▸ Material for this exercise
╔══

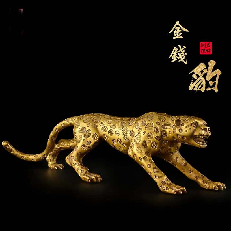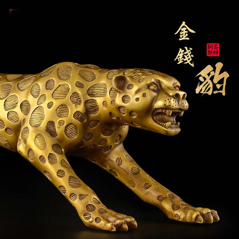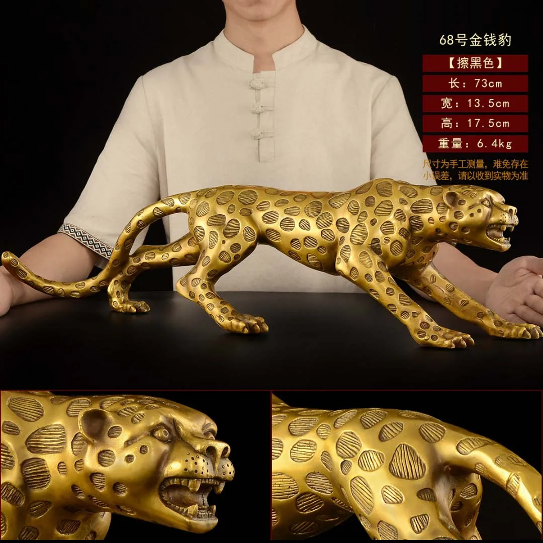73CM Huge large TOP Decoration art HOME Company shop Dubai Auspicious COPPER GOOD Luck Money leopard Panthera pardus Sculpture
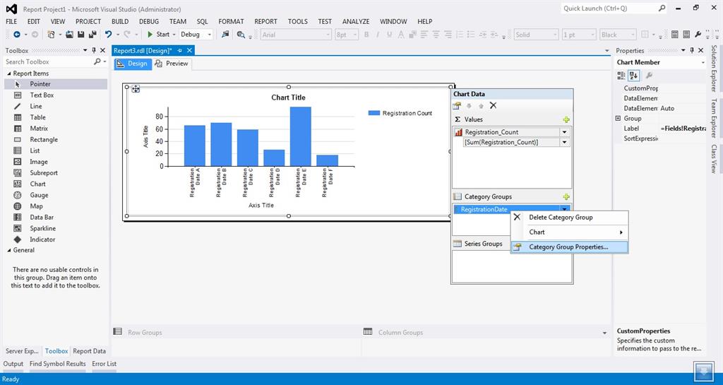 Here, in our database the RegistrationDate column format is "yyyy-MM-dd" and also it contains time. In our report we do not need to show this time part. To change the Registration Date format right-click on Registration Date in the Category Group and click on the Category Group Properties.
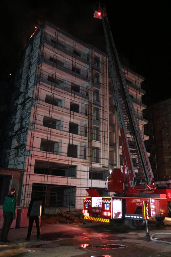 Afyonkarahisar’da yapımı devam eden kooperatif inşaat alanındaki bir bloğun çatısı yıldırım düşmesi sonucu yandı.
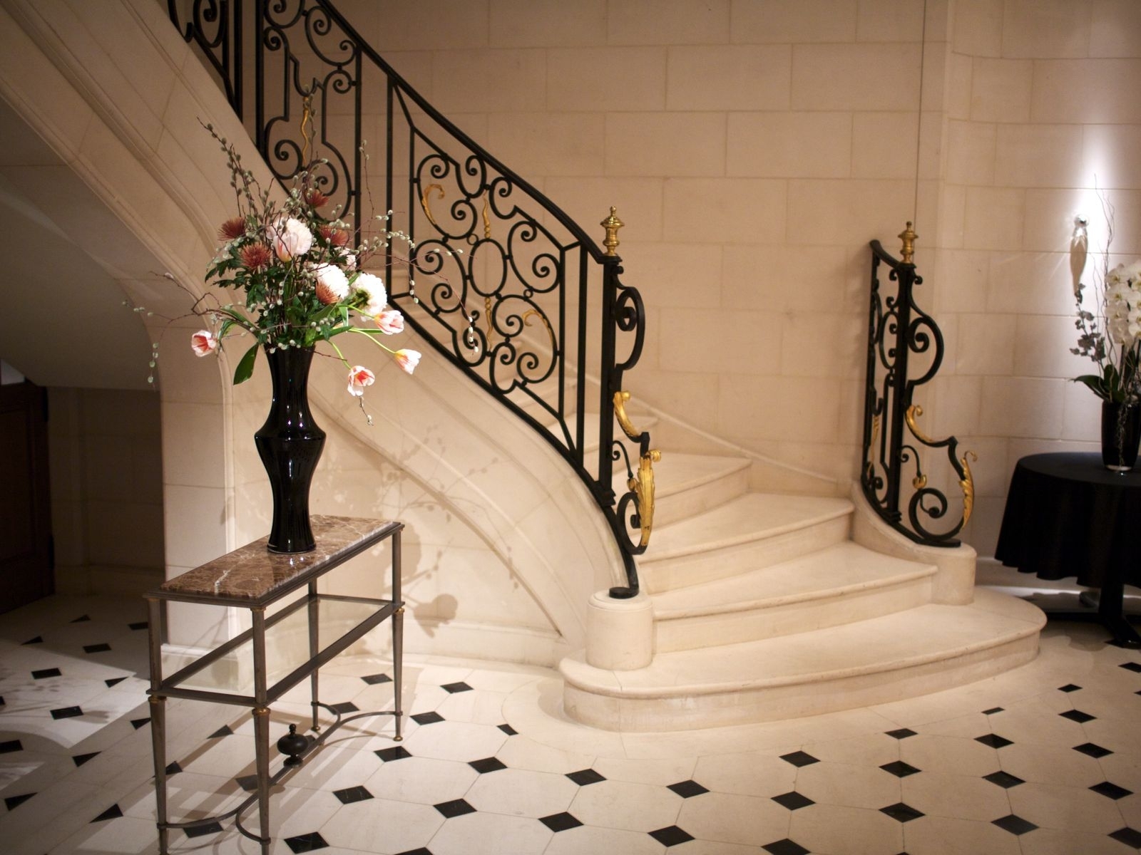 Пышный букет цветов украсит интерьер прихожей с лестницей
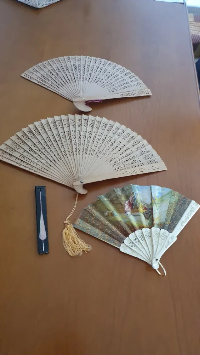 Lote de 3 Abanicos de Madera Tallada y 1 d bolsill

╚══

▸ Problem details
Set down the records precisely as they appear. Any picture stays out.

▸ Response to the task
73CM Huge large TOP Decoration art HOME Company shop Dubai Auspicious COPPER GOOD Luck Money leopard Panthera pardus Sculpture
 Here, in our database the RegistrationDate column format is "yyyy-MM-dd" and also it contains time. In our report we do not need to show this time part. To change the Registration Date format right-click on Registration Date in the Category Group and click on the Category Group Properties.
 Afyonkarahisar’da yapımı devam eden kooperatif inşaat alanındaki bir bloğun çatısı yıldırım düşmesi sonucu yandı.
 Пышный букет цветов украсит интерьер прихожей с лестницей
 Lote de 3 Abanicos de Madera Tallada y 1 d bolsill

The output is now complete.